This section is from the book "Practical Dietetics With Special Reference To Diet In Disease", by William Gilman Thompson. Also available from Amazon: Practical Dietetics with Special Reference to Diet in Disease.
The frequent association of gout and diabetes has long been observed, and in "gouty glycosuria" (Brunton) comparison is made between the chronic hyperemia of the diabetic liver and the acute hyperemia of the gouty joints.
Occasionally persons past fifty years of age who are gouty may present the symptom of glycosuria without other accompanying manifestations of diabetes, such as emaciation and debility.

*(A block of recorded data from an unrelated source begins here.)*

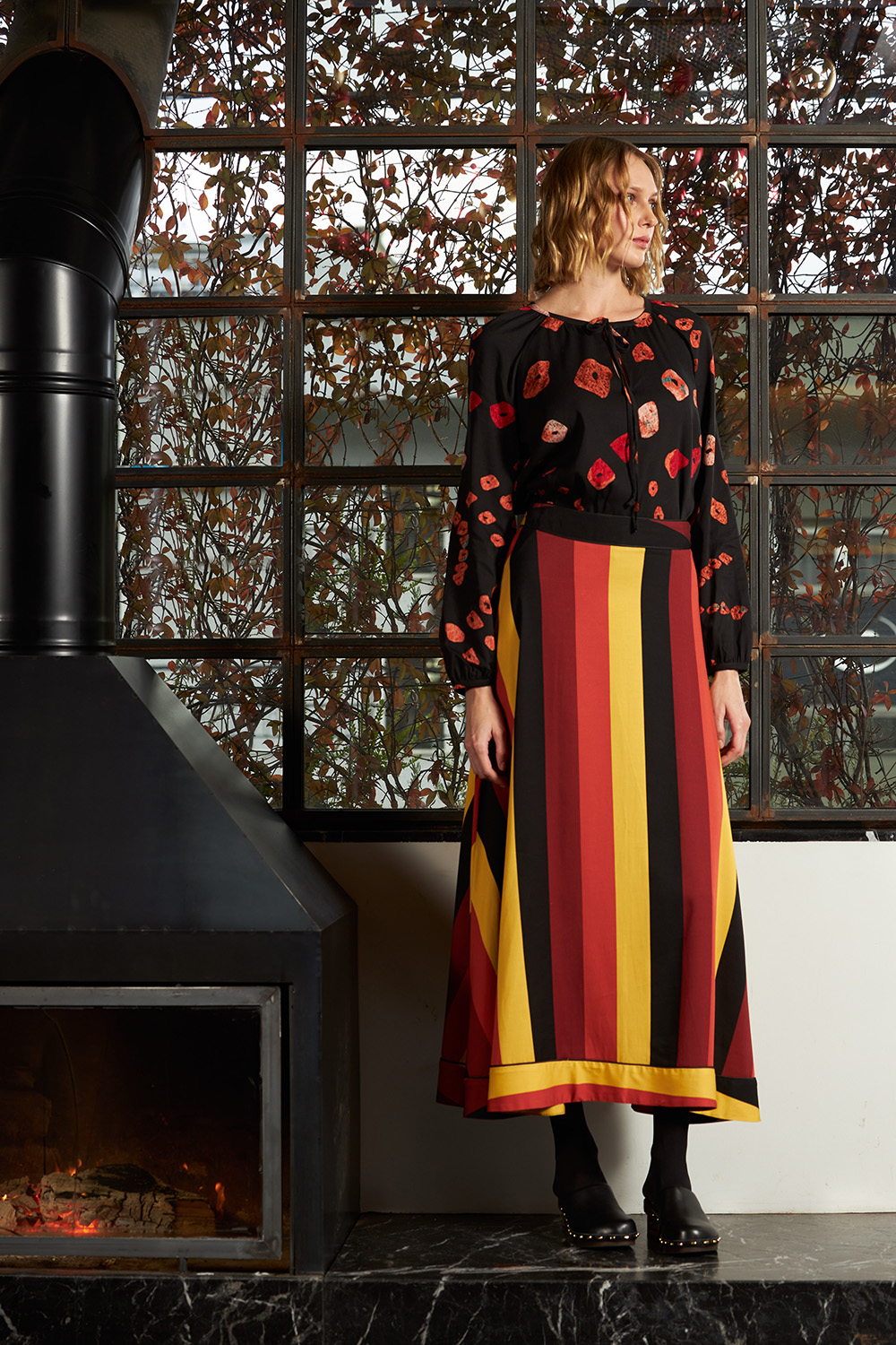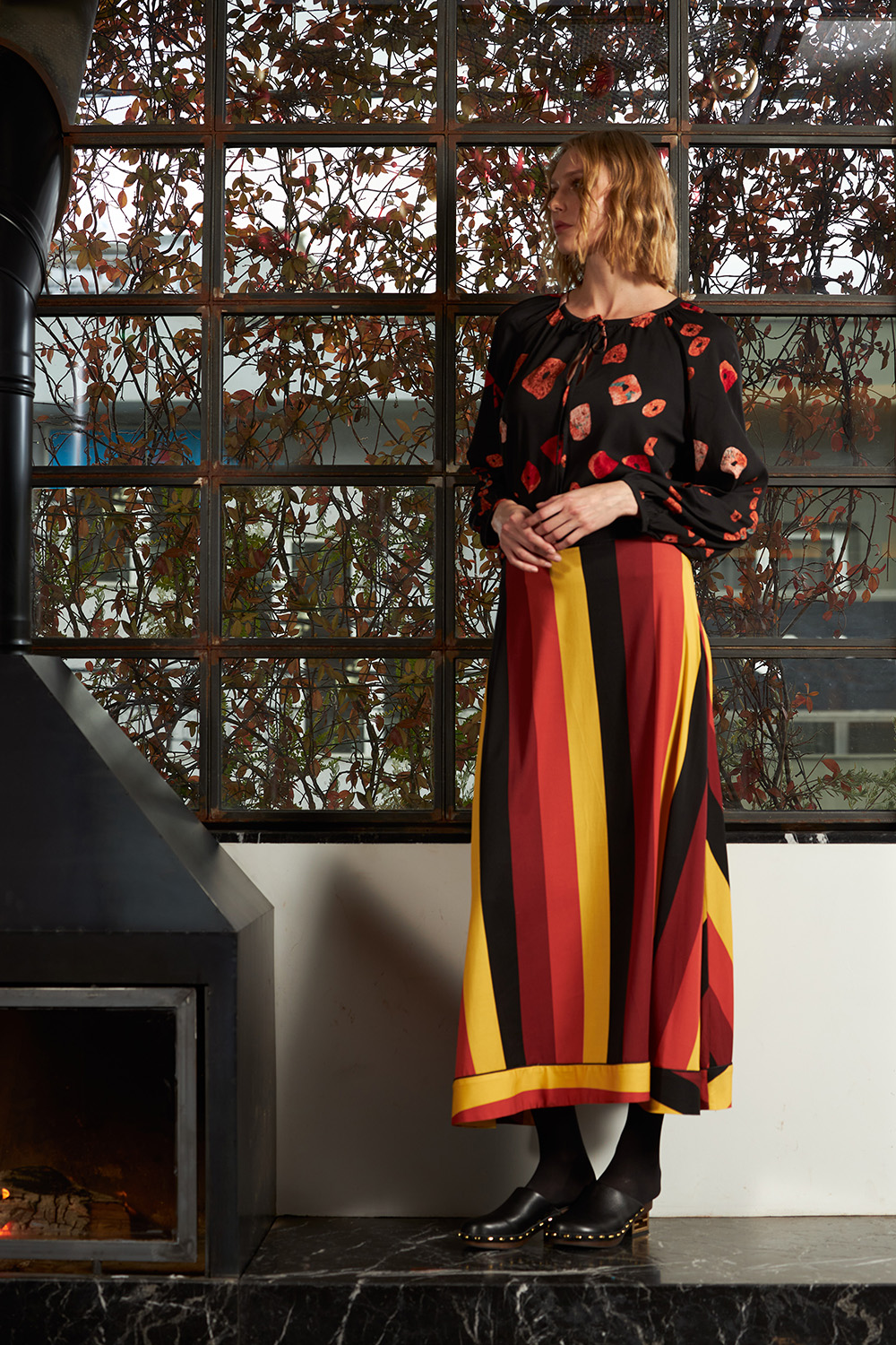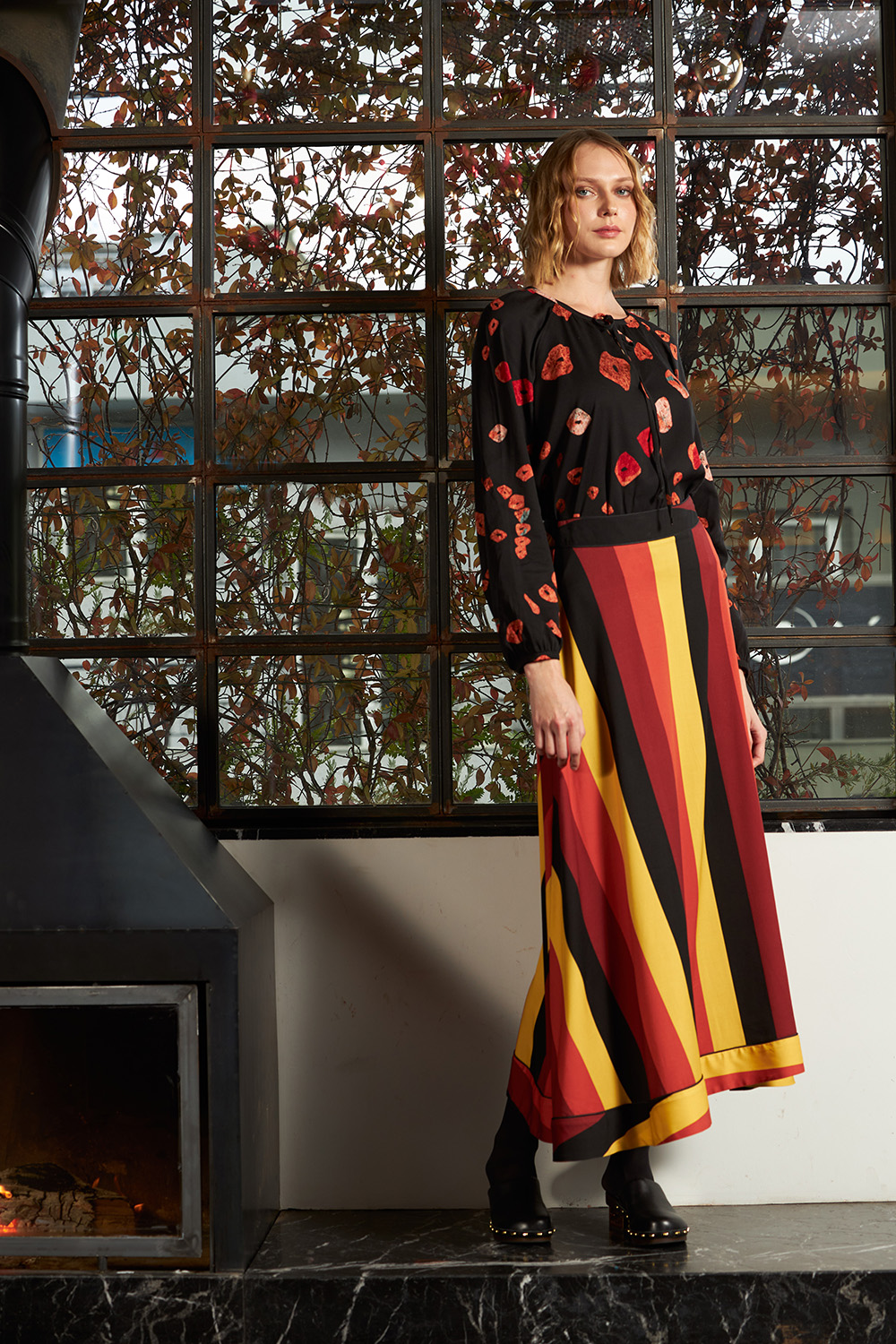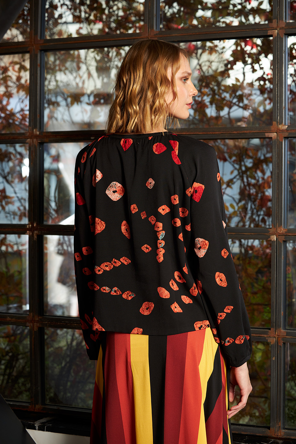 Regular fit shirt with a bishop sleeve. With strings on the neckline that if they get tied are taking the shape of a keyhole.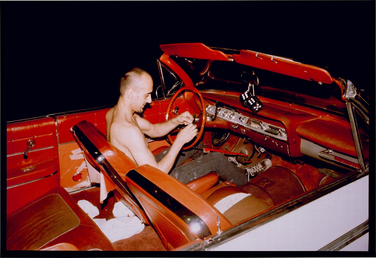 signed, titled, numbered and dated "Bruce in his red car, NYC. 1981. Nan Goldin #10/25" on a label affixed to the reverse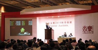 内地唯一获佳士得商标授权的北京永乐在11月23日开始了其2010秋拍的首日拍卖,上午进行的是中外名酒的拍卖,包括茅台和来自法国顶级酒庄的红酒。下午的瓷器及工艺品的拍卖场面火爆,原预计4个小时的拍卖进行了近7个小时,买家竞价频频,场面十分热烈。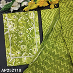 Dark turquoise green printed pure soft cotton unstitched salwar material, thread& sequins work on yoke(thin fabric, lining needed)zigzag printed cotton bottom, printed crinkled pure soft cotton dupatta. Code AP252108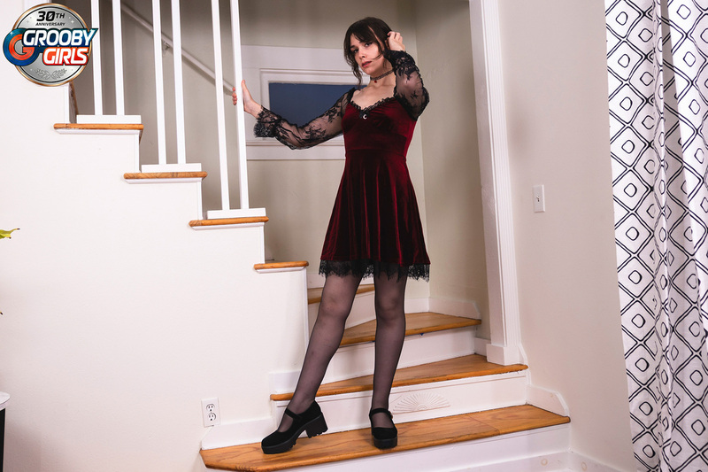 Faye Lockwood is back on Grooby Girls in this cute dress and teases us in her pantyhose as those lovely feet make an appearance. All this before she opens those legs and sticks her toys up her amazing tight tgirl booty.

This symptom may persist for a number of years and end in recovery, or the patient may die of some intercurrent disease in no way connected with diabetes.
In a long series of cases of diabetes reported by Ord, gout occurred in over one third, and in some there was arthritis deformans. In these cases not only does the urine contain sugar in excess, but the urea and uric acid are largely increased. It is interesting to remark in this connection that similar dietetic treatment benefits gouty, obese, and diabetic patients, for they live best upon a nitrogenous diet with alkalies. The occurrence of an excess of uric acid in the urine (uricaemia) is often a forerunner of diabetes (Coignard, Comillon). Diabetes is also often associated with neuralgia, phthisis, hepatic engorgement, and congestion. There is no one form of disease of the liver in which diabetes is uniformly or frequently associated. In about one third of the cases a history is obtainable of mental strain or overwork, and in about one third there is a history of alcoholism.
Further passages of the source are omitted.